**Task directions**: Starting with the line that has "ETUDE-RECHERCHE RECHERCHE SUR" and finishing with the line that has "施設等巡視(補給倉庫)", set down each line below exactly. Pictures are not copied.

**Data listing**:
++++
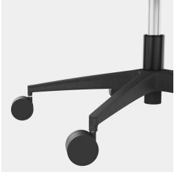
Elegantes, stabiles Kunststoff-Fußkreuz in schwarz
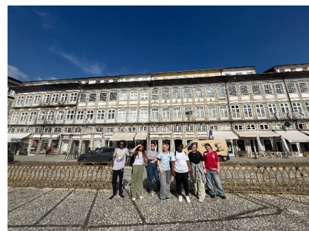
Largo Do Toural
++++
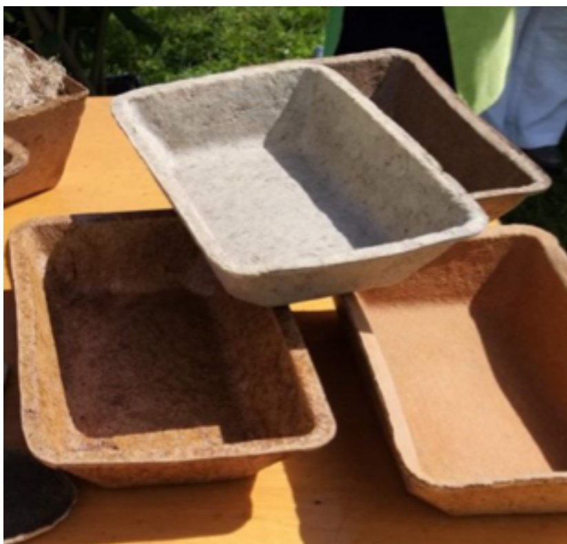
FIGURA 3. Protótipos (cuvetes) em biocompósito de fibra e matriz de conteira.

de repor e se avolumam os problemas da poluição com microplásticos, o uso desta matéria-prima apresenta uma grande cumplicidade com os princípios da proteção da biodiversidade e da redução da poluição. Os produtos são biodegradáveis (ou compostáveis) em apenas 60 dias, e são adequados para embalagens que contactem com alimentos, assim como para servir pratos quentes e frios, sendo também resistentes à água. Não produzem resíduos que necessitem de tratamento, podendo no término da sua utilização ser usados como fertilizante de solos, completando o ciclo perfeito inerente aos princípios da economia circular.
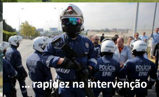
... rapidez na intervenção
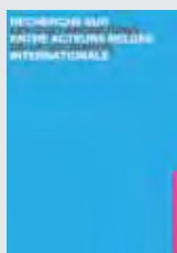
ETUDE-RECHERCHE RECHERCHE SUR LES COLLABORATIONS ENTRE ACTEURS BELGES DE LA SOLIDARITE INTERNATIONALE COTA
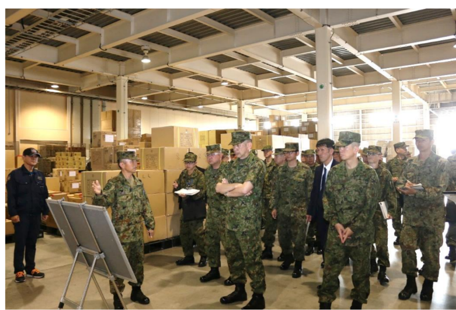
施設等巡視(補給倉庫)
++++
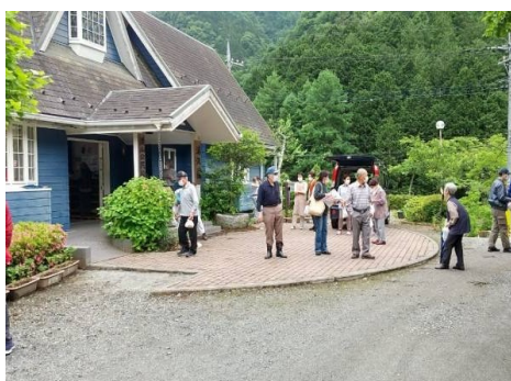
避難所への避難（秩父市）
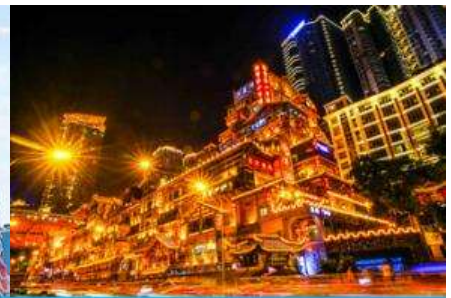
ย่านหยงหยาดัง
++++
**Exercise response**:
ETUDE-RECHERCHE RECHERCHE SUR LES COLLABORATIONS ENTRE ACTEURS BELGES DE LA SOLIDARITE INTERNATIONALE COTA
施設等巡視(補給倉庫)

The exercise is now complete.